A schematic of a pull-out strength test device with labeled components.

Figure 1 Custom-designed pull-out strength test device. Schematic overview of the testing apparatus. The system utilizes a linear servo motor to activate a mobile slider integrated with a digital dynamometer. A double-adjustable laser system and spirit levels ensure axial alignment and standardized force gradients via a potentiometer-controlled time-ramp.

This device measured the force required to pull out PLCL threads inserted into 2 cm thick samples of turkey breast steak (Figure 2). Ten different insertion methods were tested, including Linear Pull tests and techniques mimicking clinical procedures, such as the Jawline, Lateral, and Malar Reshaping techniques (Table 1 and Figure 3). Each technique was performed using three different types of PLCL absorbable, monofilament, suspension barbed threads with convergent bidirectional spines, USP 2–0:

  • 12 cm thread, which has two parts of 6 cm on each side and a central part about 1 cm long without spines. At each extremity, there is a straight-cut edge needle, 100 mm long with a diameter of 0.85 mm (Definisse™ PLCL double-needle threads, 12 cm).
  • 23 cm thread, which has two parts of 11.5 cm on each side and a central part approximately 1.5 cm long without spines. At each extremity, there is a straight-cut edge needle, 150 mm long with a diameter of 1.28 mm (PLCL double-needle threads, 23 cm), and
  • 23 cm thread, consisting of two parts, each 11.5 cm long, and a central part about 1.5 cm long, without spines. At each extremity, there is a straight-cut edge needle, 100 mm long with a diameter of 0.85 mm (Filbloc® self-locking system).11

Table 1 Description of the Ten Evaluated Insertion Techniques and Thread Specifications

A schematic of an ex vivo tissue model with a constant force gradient and meat holder setup.

Figure 2 Schematic of the ex vivo tissue model and testing configuration.

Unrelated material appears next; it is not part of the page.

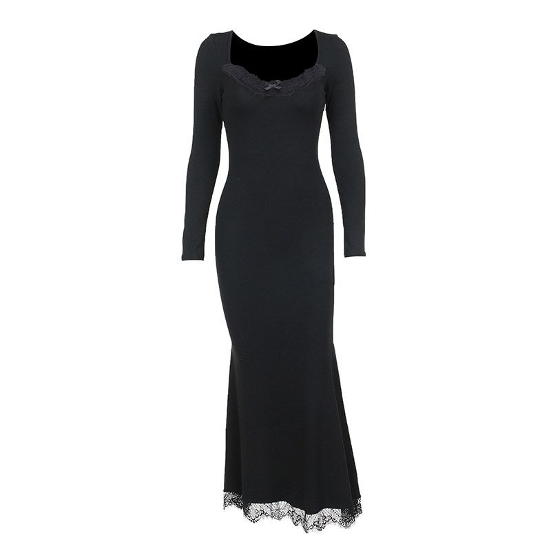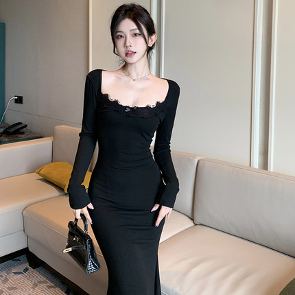 GirlsAt18 黑色鱼尾连衣裙女秋冬性感蕾丝修身裙子高级晚礼服长裙
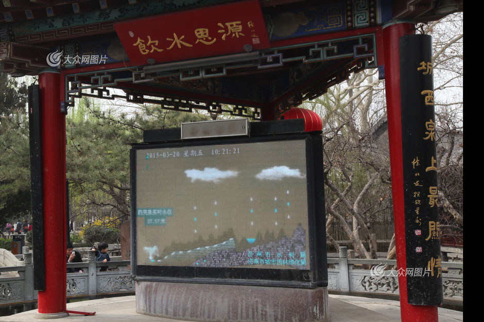3月20日,濟(jì)南趵突泉天尺亭水位檢測(cè)儀顯示,趵突泉實(shí)時(shí)水位只有27.57米,已跌破27.6米紅色警戒線,意味著泉水面臨停噴危險(xiǎn)。據(jù)了解,濟(jì)南市水利和市政公用部門正在采取回灌補(bǔ)源、節(jié)水檢查、嚴(yán)查私采地下水等措施來(lái)保障泉水的持續(xù)噴涌。大眾網(wǎng)記者 王長(zhǎng)坤 攝

Experimental setup using a 2-cm-thick Turkey breast steak as the substrate. The meat is secured in a dedicated holder under a 100 g stabilization weight. The thread is axially aligned with the constant force gradient pulling device to measure the maximum extraction force.

Illustration of 8 thread patterns for Linear, Lateral, Malar reshaping and Jawline Pull techniques.

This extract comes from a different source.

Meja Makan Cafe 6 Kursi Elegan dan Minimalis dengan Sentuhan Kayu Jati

Figure 3 Thread patterns used in the study. The figure details the specific clinical patterns for Jawline, Lateral, and Malar Reshaping alongside standard Linear Pull tests. Each panel illustrates the geometric configuration of the thread insertion, specifying the thread length (12 cm or 23 cm) and the corresponding needle dimensions (100 mm/0.85 mm or 150 mm/1.28 mm) utilized for each technique. The J-Stitch and self-locking system variations are included to indicate where specialized anchoring or material systems were applied.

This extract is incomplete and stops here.